The Human Papillomavirus (HPV) is the most common sexually transmitted infection globally, often causing no symptoms. The virus is linked to abnormal cellular changes, particularly on the cervix, which may lead to precancerous lesions. Many individuals diagnosed with HPV are concerned about whether the infection interferes with their ability to start a family. This article addresses the relationship between an HPV diagnosis and the biological capacity to conceive.
HPV’s Direct Impact on Conception
The presence of the HPV infection itself does not typically interfere with the fundamental biological steps necessary for conception. HPV is a localized infection of the skin and mucous membranes, affecting the surface cells of the genital tract, including the cervix and vulva. The virus does not generally travel to the upper reproductive organs (uterus, fallopian tubes, and ovaries). This distinction is important because other sexually transmitted infections can cause pelvic inflammatory disease (PID), which leads to scarring and blockage of the fallopian tubes, preventing fertilization.
HPV does not disrupt ovulation, fertilization of the egg, or the implantation of an embryo into the uterine lining. High-risk strains of HPV are associated with causing cellular changes (dysplasia) on the cervix, but the virus does not directly target the mechanisms of reproduction. Some studies suggest that chronic inflammation caused by persistent HPV might slightly reduce success rates in assisted reproductive technologies like in-vitro fertilization (IVF). Furthermore, HPV has been found to potentially affect male fertility by adhering to sperm, which may reduce sperm motility or increase DNA fragmentation. However, for most women, the virus alone does not stop the ability to get pregnant.

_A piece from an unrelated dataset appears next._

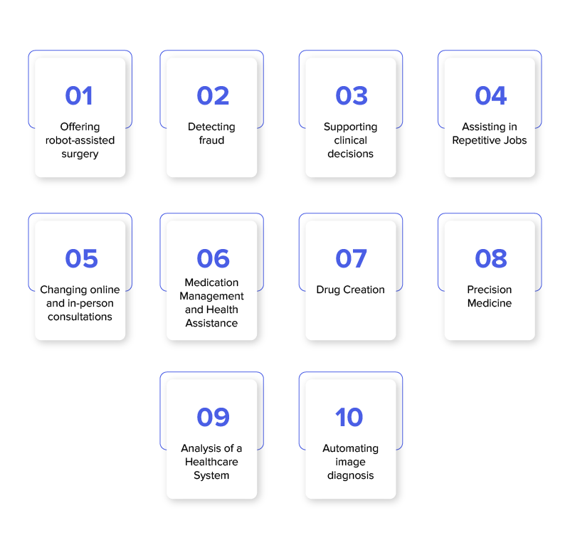 Es ist eine der häufigsten Anwendungen von KI im Gesundheitswesen. KI und kollaborative Roboter haben Operationen in Bezug auf Geschwindigkeit und Genauigkeit revolutioniert. Diese Systeme können komplexe chirurgische Eingriffe mit reduziertem Risiko von Nebenwirkungen, Blutverlust oder Schmerzen durchführen. Ebenso ist die postoperative Genesung schneller und einfacher.

Fertility Concerns Related to HPV Treatments
While the virus itself rarely affects the ability to conceive, the medical procedures used to treat advanced HPV-related cervical changes can introduce fertility risks. When precancerous cells are detected through screening, a doctor may recommend a procedure to remove the affected tissue. The most common procedures are the Loop Electrosurgical Excision Procedure (LEEP) and the cold knife cone biopsy.
These excisional treatments remove a cone-shaped wedge of tissue from the cervix to eliminate the abnormal cells. If a significant amount of cervical tissue is removed, it can potentially lead to two main complications related to pregnancy. One is cervical stenosis, a rare condition where the opening of the cervix scars and narrows, which could theoretically slow the passage of sperm. A more common concern is a weakening of the cervix, known as cervical insufficiency or incompetence.
Cervical insufficiency does not prevent conception, but it can affect a person’s ability to carry a pregnancy to term. A weakened cervix may begin to shorten or open prematurely under the weight of a growing fetus, increasing the risk of late-term miscarriage or preterm birth. The risk is generally low and depends on the depth and volume of tissue removed during the treatment. For those with a history of these treatments, specialized monitoring of the cervical length via ultrasound is often recommended during subsequent pregnancies.
Managing HPV Infection During Pregnancy
For those who become pregnant while having an active HPV infection, treatment for the virus or related cellular changes is often deferred. Physicians prefer to postpone definitive treatment of low-grade or moderate abnormal cervical cells until after delivery, as the hormonal and immunological changes of pregnancy can sometimes cause the lesions to regress spontaneously. Immediate surgical intervention is typically reserved only for severe, high-grade lesions or suspected invasive cancer.
Genital warts, which are caused by low-risk HPV types, may grow larger or multiply during pregnancy due to hormonal changes, but they rarely pose a risk to the developing baby. The risk of transmitting HPV to the infant during a vaginal delivery is very low. In extremely rare instances, the virus can be transmitted, leading to a condition in the child called juvenile-onset recurrent respiratory papillomatosis (JORRP), which causes warts to grow in the infant’s throat or airway. A cesarean section is not routinely recommended for women with HPV; it is only considered if exceptionally large warts are present that physically block the birth canal or could cause significant bleeding during delivery.